Tuesday, December 4, 2012

Hating Good News


Next week, the international test results from the Trends in International Mathematics and Science Study (TIMSS) will be released.  The TIMSS testing is done only once every four years and includes exhaustive data not just about student test scores, but also about the structure of education in the 60 participating countries.

The test was last done in 2007 and showed how well American 4th and 8th grade students performed relative to their international peers. It is a different test than the PISA (Program for International Student Assessment) but still a relevant yardstick for comparing international student performance.  PISA results were last released in 2010 to a clamor of media wailing about the sorry state of American schools. On the PISA, American students tended to score slightly above or near the average in reading, math and science.

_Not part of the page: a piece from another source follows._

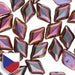 Gemduo beads are diamond shaped glass beads that have a flat back, a beveled front and two parallel holes through their side.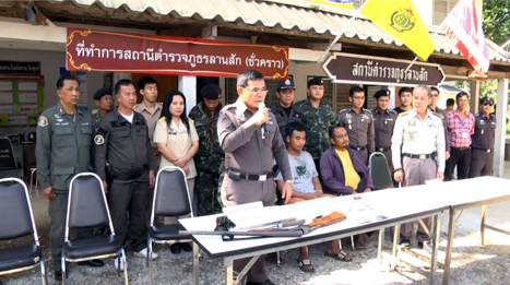 News conference given by Pol. Maj. Somchit Thongthang, Commander of Uthai Thani Provincial Police and Mr. Thanya Nethithammakul, Deputy Director General of National Parks, Wildlife and Plant Conservation Department after 3 more tiger poachers got arrested on November 19, 2015. (Photo: Thairath Online)

The TIMSS results, released last in 2008, barely got a mention in the national media.

Yet on the TIMSS, American students actually performed rather well:

In Mathematics, our 4th graders ranked 11th of 36 and our 8th graders were 9th of 48 countries participating.  In science, our 4th graders ranked 8th of 36 and our 8th graders ranked 11th of 48 countries. 

So who surpassed our students?

In math and science (both 4th and 8th grades), the top three scorers were Hong Kong, Singapore and Taipei -- all individual cities, not comparable whole nations.  Also scoring near the top were Japan and South Korea, homogeneous cultures proud of their lack of diversity.

If the 2011 TIMSS shows a decline over 2007 or if a few additional countries pull ahead of the US, expect a deluge of hand-wringing from every major media outlet.  If however, the US continues its traditionally strong showing against other nations, the event may pass virtually unnoticed.

For whatever reason, there is an appetite in the US for stories critical to our schools.  There is little interest in good news. As a principal, I used to beg our local newspapers and TV stations to cover our good news. They didn't. But give them a negative -- a bomb threat, a student arrested for animal abuse, a bus accident or a tragic student death -- and they'd show up with cameras and vans and accost staff and students readily.

My prediction?  Good news and paltry news coverage.